Lisa Friedman and Jean Chemnick, E&E Daily

As activists gathering this week for U.N. climate talks in Warsaw, Poland, fuel hopes for a 2015 legally binding treaty, U.S. lawmakers already are throwing cold water on the prospects.

In interviews this week with members of Congress on the right and left, even the most ardent supporters of international efforts to curb global greenhouse gas emissions said chances of Senate approval for a treaty have not improved much since the Kyoto Protocol crashed and burned in Washington, D.C., in 1997.

“It will be difficult to get a treaty passed in 2015 in the U.S. Senate as it is presently constituted,” said Sen. Ed Markey (D-Mass.), who co-chairs the Senate Climate Change Clearinghouse, aimed at supporting legislation to cut carbon emissions.

Sen. Ben Cardin (D-Md.) agreed: “I am for global action on climate change. I am a proud supporter and very anxious for the U.S. to participate globally.” But, he added, “I think if you look at the current makeup of the U.S. Senate, it’s very difficult.”

The Obama administration and nearly 200 other governments have pledged to devise a new international pact to curb global emissions, expected to go into effect by 2020. Talks this week in Warsaw and over the next two years will hammer out the contours of that deal — including whether it is a formal agreement under international law or something looser and more fluid.

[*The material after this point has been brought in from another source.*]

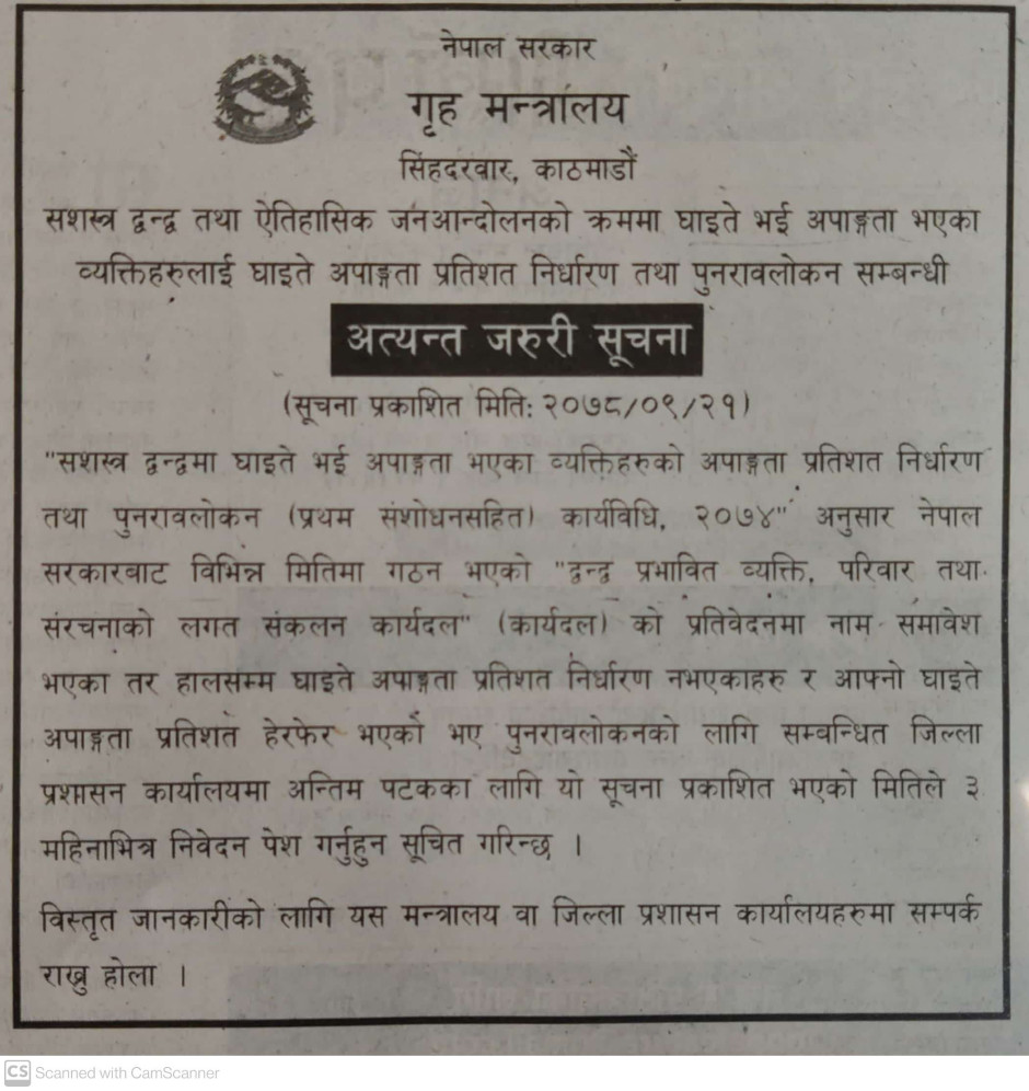 तस्बिर : सशस्त्र द्वन्द्व तथा ऐतिहासिक जनआन्दोलनको क्रममा घाइते भई अपाङ्गता भएका व्यक्तिहरुलाई घाइते अपाङ्गता प्रतिशत निर्धारण तथा पुनरावलोकन सम्बन्धी सूचना

The United States is pressing for a “flexible” agreement in which each country decides what level of cuts it is able to offer the world, and a combination of strict reporting and peer pressure from the international community helps ensure that collectively the efforts are enough to avert catastrophic warming.

Whether it will ultimately become a “protocol, another legal instrument or an agreed outcome with legal force,” as the tortured language of a 2-year-old U.N. agreement laying out the options for the 2015 deal offers, is unclear, and Obama officials have not formally stated a preference.

But U.S. Special Envoy for Climate Change Todd Stern cautioned in a speech last month: “Keep our eyes on the prize of creating an ambitious, effective and durable agreement. Insisting that only one way can work, such as an agreement that is internationally binding in all respects, could put that prize out of reach.”

If the deal winds up being a treaty, Republican opponents of climate action have said, it won’t get far — even if, as the Obama administration has insisted, it puts major economies like China on an equal legal standing with the United States.

“It’s not going to go anywhere. It’s dead on arrival,” said Sen. John Barrasso (R-Wyo.), who argued that new U.S. EPA authority imposing carbon dioxide emissions limits on new power plants is “hurting our economy on a daily basis.”

And Sen. Orrin Hatch (R-Utah), who maintained that “there is a lot of difference of opinion among very educated people on the science” of global warming, said he, too, does not believe a treaty would pass muster in the Senate.

“I kind of doubt it,” he said. “There is still a legitimate question of science, and you can’t brush that away.”